→ **To do**
Your answer must be only the lines below from the one containing "在接下来的仪式上,由袁光华副" through the one containing "This features a", copied exactly, with the pictures left out.

#### Input data ####

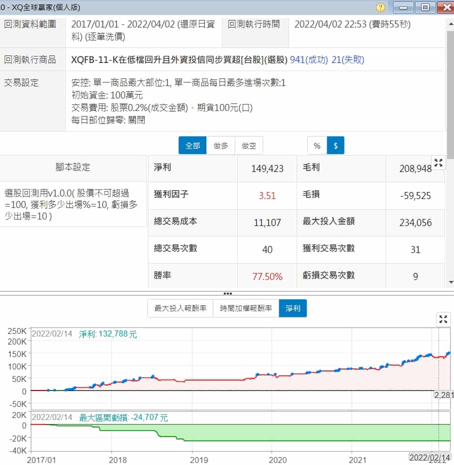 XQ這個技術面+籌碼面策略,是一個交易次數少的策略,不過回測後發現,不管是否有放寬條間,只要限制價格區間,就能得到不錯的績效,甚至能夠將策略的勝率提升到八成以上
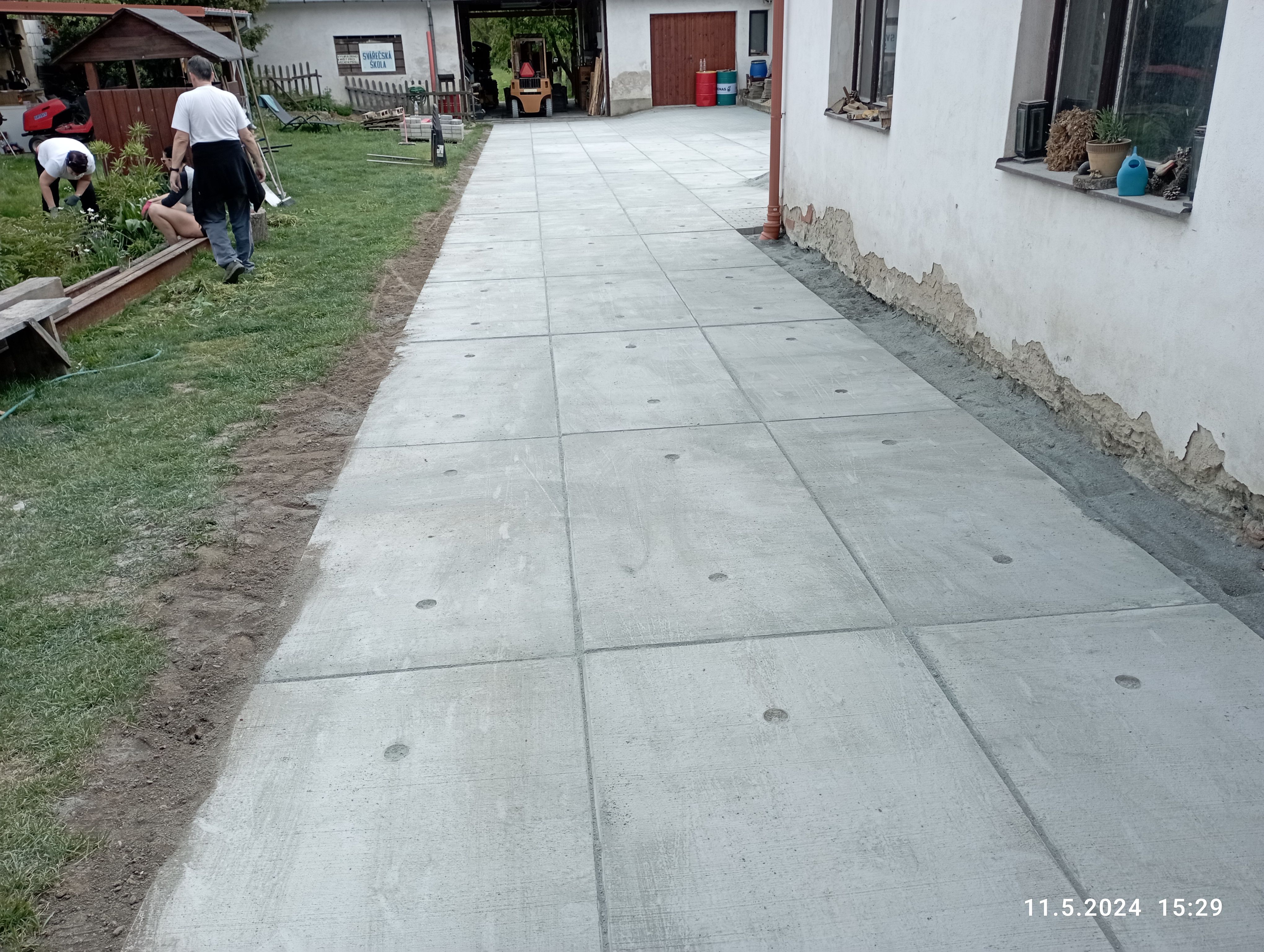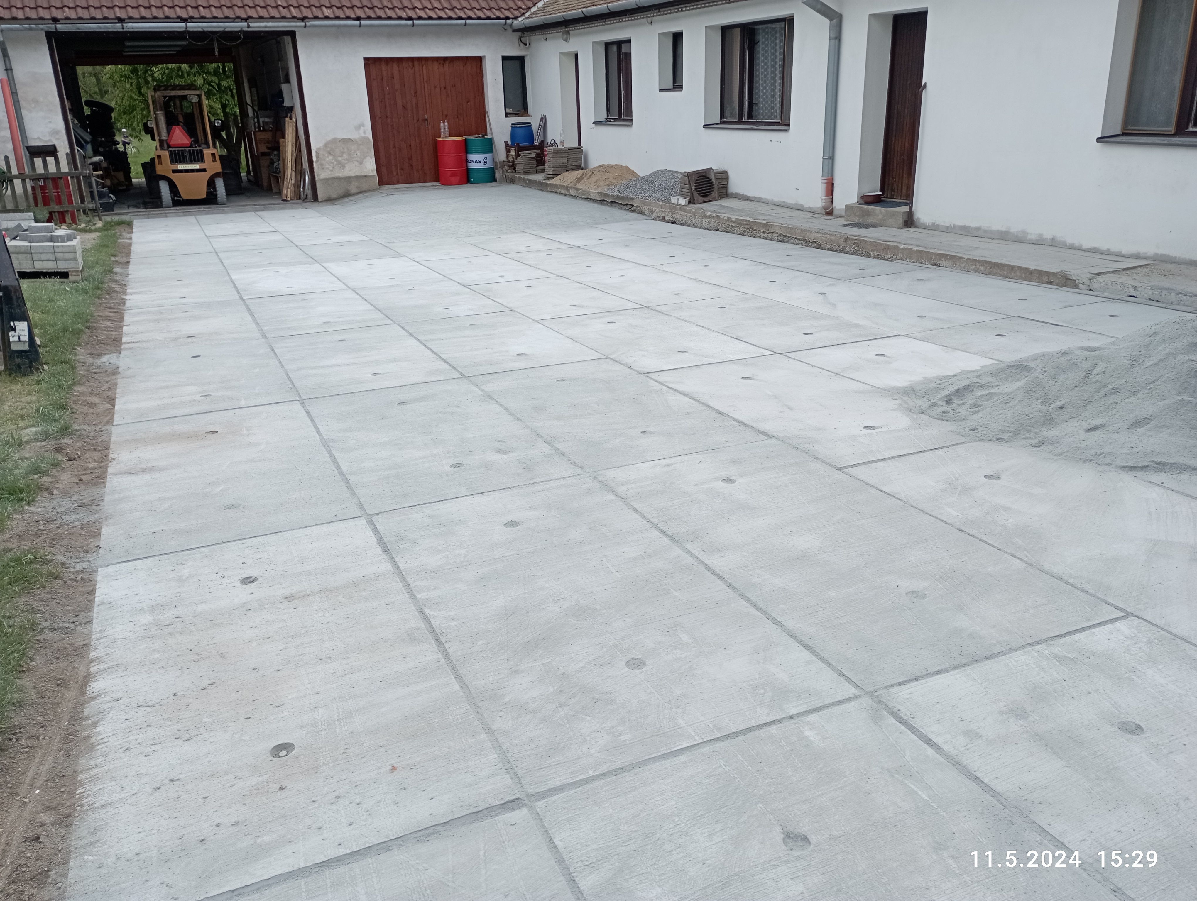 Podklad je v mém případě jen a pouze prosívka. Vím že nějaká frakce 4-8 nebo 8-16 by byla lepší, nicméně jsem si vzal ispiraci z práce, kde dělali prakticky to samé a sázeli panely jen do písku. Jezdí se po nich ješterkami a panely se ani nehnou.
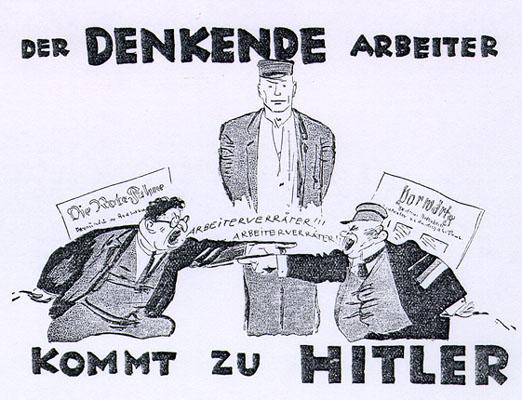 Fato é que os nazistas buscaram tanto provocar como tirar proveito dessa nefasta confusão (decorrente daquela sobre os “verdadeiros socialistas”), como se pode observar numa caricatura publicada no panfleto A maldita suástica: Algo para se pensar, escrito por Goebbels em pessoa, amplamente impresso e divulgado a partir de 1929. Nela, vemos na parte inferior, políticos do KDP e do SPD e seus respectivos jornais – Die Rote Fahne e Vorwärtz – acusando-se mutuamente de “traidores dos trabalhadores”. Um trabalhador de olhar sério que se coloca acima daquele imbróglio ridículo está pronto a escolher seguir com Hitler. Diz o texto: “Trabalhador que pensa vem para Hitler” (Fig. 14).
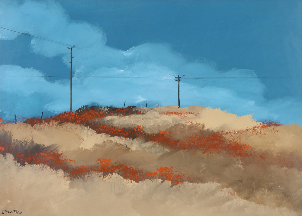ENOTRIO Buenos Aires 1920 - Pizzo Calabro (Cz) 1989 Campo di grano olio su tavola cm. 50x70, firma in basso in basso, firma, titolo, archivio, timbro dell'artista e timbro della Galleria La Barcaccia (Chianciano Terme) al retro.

####
#### Input data ####

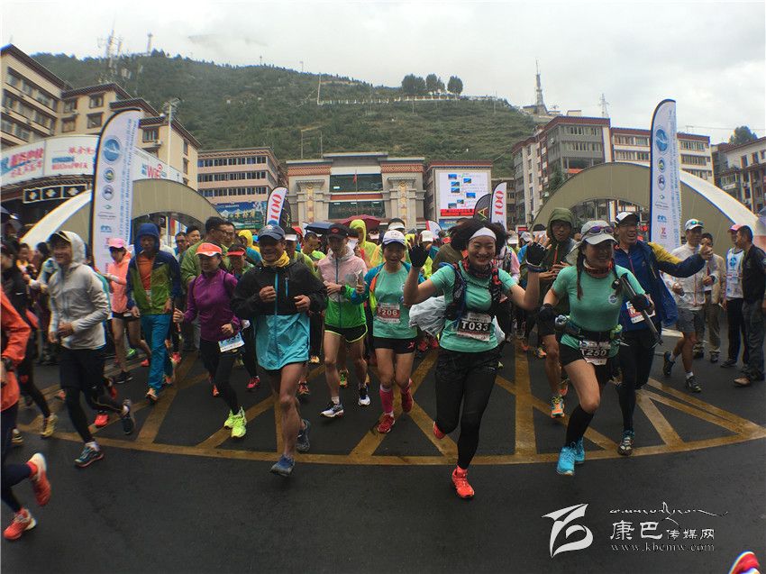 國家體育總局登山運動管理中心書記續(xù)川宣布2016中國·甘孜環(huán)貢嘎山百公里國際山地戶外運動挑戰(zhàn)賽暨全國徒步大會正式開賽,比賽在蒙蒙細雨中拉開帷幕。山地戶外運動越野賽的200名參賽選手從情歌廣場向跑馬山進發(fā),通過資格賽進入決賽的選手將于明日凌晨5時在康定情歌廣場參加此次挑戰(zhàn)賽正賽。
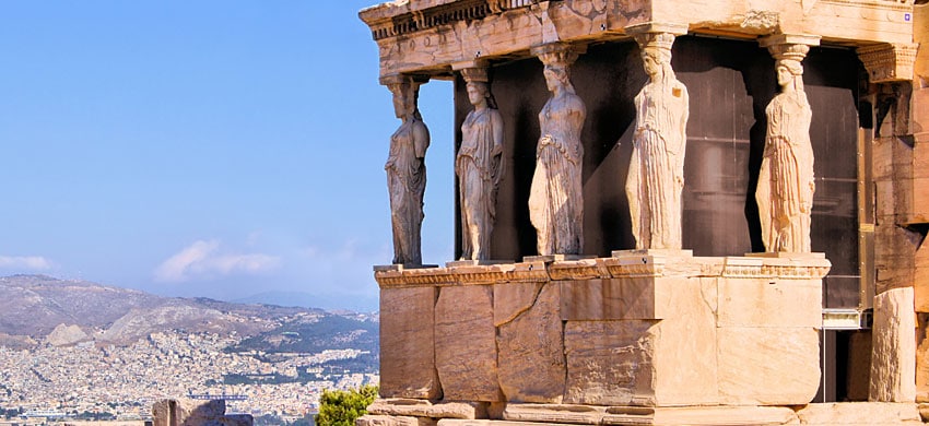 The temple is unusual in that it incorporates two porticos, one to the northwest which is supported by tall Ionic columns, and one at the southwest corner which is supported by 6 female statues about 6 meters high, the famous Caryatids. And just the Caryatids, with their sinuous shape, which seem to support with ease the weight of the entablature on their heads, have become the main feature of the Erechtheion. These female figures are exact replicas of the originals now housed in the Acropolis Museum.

####
#### Input data ####

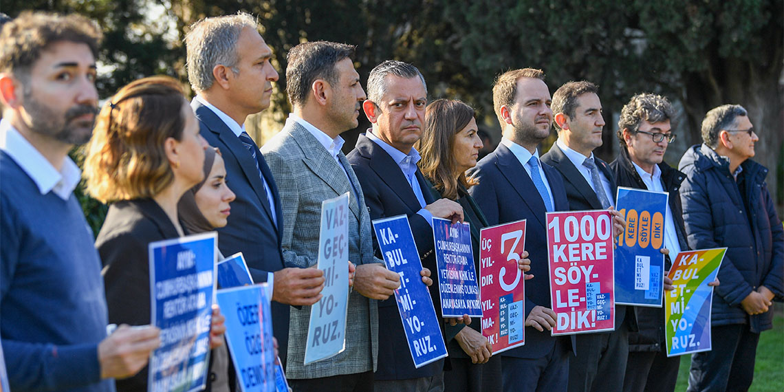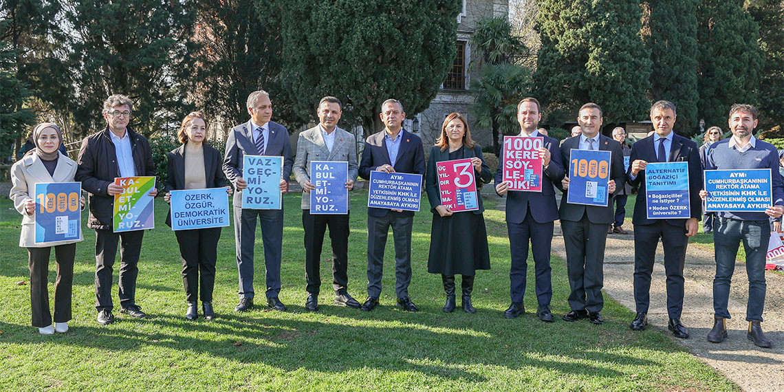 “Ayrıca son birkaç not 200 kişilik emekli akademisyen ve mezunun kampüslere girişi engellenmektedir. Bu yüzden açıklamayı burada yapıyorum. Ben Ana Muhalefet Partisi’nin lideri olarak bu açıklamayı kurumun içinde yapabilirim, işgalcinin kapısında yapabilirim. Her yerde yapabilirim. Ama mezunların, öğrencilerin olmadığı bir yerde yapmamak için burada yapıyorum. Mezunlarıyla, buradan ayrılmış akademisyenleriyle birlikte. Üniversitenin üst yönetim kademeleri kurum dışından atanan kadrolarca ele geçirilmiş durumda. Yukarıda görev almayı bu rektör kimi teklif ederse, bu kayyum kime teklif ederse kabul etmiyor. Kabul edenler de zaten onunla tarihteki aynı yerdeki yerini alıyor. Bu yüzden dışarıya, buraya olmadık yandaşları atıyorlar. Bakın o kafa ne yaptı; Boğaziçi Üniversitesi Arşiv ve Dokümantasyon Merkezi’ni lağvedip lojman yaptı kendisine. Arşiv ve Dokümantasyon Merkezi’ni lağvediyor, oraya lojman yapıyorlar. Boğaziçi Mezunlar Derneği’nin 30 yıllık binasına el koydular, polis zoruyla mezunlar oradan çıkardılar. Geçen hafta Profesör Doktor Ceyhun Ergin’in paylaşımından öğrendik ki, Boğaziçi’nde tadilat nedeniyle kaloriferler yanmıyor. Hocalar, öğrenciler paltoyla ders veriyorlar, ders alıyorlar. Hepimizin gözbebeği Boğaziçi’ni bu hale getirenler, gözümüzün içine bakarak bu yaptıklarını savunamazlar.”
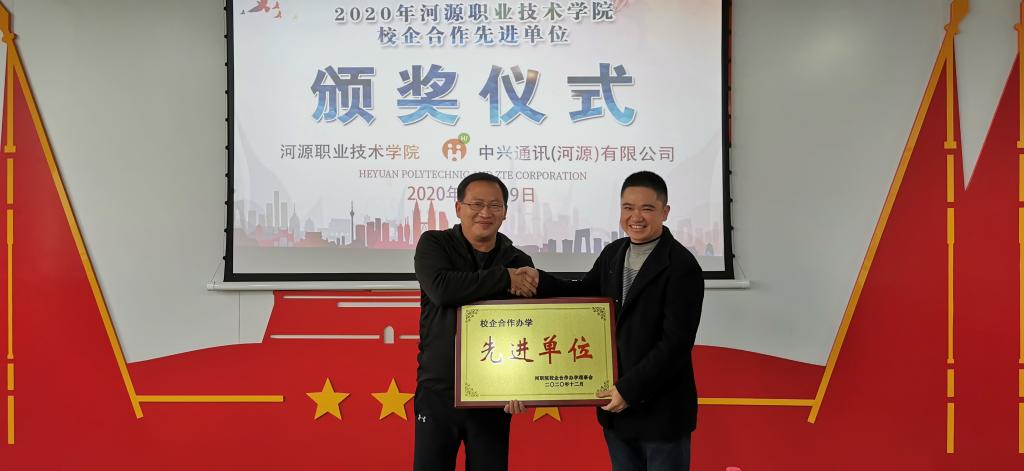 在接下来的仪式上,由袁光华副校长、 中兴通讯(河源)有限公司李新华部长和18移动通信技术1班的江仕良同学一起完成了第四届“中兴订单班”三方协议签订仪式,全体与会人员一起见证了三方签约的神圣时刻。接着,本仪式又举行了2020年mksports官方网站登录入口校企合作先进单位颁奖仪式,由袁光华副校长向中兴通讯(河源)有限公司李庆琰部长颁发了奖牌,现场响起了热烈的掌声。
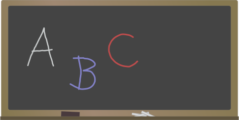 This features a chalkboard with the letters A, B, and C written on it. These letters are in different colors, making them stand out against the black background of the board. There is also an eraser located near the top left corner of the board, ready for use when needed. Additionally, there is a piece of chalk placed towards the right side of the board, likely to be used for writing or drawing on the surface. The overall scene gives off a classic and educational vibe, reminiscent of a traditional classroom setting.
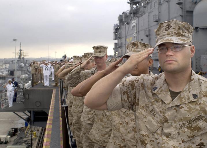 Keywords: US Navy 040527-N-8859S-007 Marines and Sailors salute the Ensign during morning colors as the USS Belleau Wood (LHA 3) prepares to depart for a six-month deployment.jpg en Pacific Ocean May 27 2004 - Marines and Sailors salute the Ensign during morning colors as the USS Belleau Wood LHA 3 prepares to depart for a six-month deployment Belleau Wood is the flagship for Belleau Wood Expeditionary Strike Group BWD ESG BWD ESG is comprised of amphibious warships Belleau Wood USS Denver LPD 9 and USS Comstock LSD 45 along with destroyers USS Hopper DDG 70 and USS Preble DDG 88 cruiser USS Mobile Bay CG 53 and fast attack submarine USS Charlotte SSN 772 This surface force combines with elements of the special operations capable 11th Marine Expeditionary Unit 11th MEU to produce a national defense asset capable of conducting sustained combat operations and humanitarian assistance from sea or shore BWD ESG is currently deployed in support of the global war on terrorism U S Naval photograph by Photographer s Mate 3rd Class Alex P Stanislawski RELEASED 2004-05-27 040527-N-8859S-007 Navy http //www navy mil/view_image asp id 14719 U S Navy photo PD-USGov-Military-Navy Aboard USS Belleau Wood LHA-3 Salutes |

####

→ **The completed task**
 在接下来的仪式上,由袁光华副校长、 中兴通讯(河源)有限公司李新华部长和18移动通信技术1班的江仕良同学一起完成了第四届“中兴订单班”三方协议签订仪式,全体与会人员一起见证了三方签约的神圣时刻。接着,本仪式又举行了2020年mksports官方网站登录入口校企合作先进单位颁奖仪式,由袁光华副校长向中兴通讯(河源)有限公司李庆琰部长颁发了奖牌,现场响起了热烈的掌声。
 This features a chalkboard with the letters A, B, and C written on it. These letters are in different colors, making them stand out against the black background of the board. There is also an eraser located near the top left corner of the board, ready for use when needed. Additionally, there is a piece of chalk placed towards the right side of the board, likely to be used for writing or drawing on the surface. The overall scene gives off a classic and educational vibe, reminiscent of a traditional classroom setting.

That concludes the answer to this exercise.